Hey here's an about you have your drivers drive you to Washington DC in your stretch SUV limos? At least you won't be flying in your private corporate jets.

And here's another tip bring a plan to use the bail out money to save your poorly run behemoths. Don't just show up in Washington with your hand out. Here's another tip: when you guys are picking up the car poolers someone needs to forget to pick up the UAW guy. Adios big three.

Yeah they already pulled the video from YouTube. You can find it here. While it lasts.

You're gonna need that later

A member of the Salt Lake County SWAT team left a loaded M4 rifle near the scene of a standoff Friday in White City, Utah. The Tribune says a "veteran" member of the tactical unit forgot his or her weapon in someone's front yard.

A jogger found it...I wonder what would have happened if a 12 year old had found it? Here's a helpful check. On the vehicle, off the vehicle AND back on the vehicle. Nice police work there Lou.

Monday, November 24, 2008

Need a job? Move where there are plenty

Job seekers with no ties to any particular location often seek jobs in big cities like New York, Chicago, Illinois, Los Angeles, California, or San Francisco, California.

But are these the places where they're most likely to find a job?

Despite these startling figures, there are several cities with low unemployment rates and sizeable job growth. Here are 25 cities with the lowest unemployment rates and the job growth they're experiencing, according to the BLS.

Let's review the cities.
1. Sioux Falls, South Dakota, Cold, with a capital C.
2. Rapid City, South Dakota, Cold, with a capital C.
3. Idaho Falls, Idaho, Cold, with a lower case c.
4. Bismarck, North Dakota, Colder than the first three.
5. Houma, Louisiana, Houma in Mobilian means Red. As in redneck.
6. Morgantown, West Virginia, It's WEST Virginia good news here is it's only 2 hours from civilization if you want to leave.
7. Logan, Utah, they don't call them the Rocky Mountain Taliban for nothing.
8. Fargo, North Dakota, Good movie, lousy weather.
9. Casper, Wyoming, I hear it's nice here.
10. Billings, Montana, I know it's nice here.
11. Ames, Iowa, Iowa....nuf said.
12. Lafayette, Louisiana, see Houma.
13. Midland, Texas, if it smells anything like Amarillo just say no.
14. Iowa City, Iowa, Iowa...
15. Lincoln, Nebraska, How many people really want a job driving a GPS guided combine 14 hours a day?
16. Portsmouth, New Hampshire, never been there I think its cold.
17. Great Falls, Montana, nice town.
18. Charlestown, West Virginia, See Morgantown above.
19. Des Moines, Iowa, If your state is on this list three times people must be seriously bailing out.
20. Missoula, Montana, I actually LIKED this town enough to consider moving there. So no dissing allowed.
21. Salt Lake City, Utah, Seriously it's Utah.
22. Provo, Utah, again....Utah.
23. Odessa, Texas, More of the same check the smell.
24. Pocatello, Idaho, Way up there. You can see Canada from your house!
25. Sioux City, Iowa, Congrats Iowa made it on the list 4 times. In their defense I hear they have great schools.

Did you know?

Did you know there are always an odd number of Smarties in each package?

Meet Obama's fun squad

CHICAGO – With the economy in crisis, President-elect Barack Obama pledged Monday to honor the commitments the outgoing Bush administration has made to rescue financial markets and urged the new, incoming Congress to pass a major stimulus package "right away" to restore growth and create jobs.

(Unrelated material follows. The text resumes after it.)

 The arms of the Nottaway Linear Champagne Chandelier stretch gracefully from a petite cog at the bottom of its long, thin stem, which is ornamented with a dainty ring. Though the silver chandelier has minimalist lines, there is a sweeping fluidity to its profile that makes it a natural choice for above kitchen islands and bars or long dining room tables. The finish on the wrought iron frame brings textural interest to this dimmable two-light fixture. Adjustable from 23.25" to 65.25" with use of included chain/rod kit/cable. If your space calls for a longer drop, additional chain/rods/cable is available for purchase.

The president-elect introduced the top economic advisers for his new administration, beginning with New York Federal Reserve President Tim Geithner to be his treasury secretary. Geithner, 47, is a veteran of financial crises at home and overseas and has worked closely with the Bush administration in recent months.

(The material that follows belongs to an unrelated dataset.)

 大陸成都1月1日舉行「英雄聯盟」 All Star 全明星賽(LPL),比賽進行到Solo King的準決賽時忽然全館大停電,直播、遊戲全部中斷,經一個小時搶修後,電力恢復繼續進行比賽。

Obama chose Lawrence Summers as director of his National Economic Council. Summers was treasury secretary under former President Bill Clinton.

Obama said his newly minted economic team offered "sound judgment and fresh thinking" at a time of economic peril.

You mean to tell me they count financial crises at home in there consideration for the job? Sweet, I should have applied I've been screwing up my finances at home since I was an adult.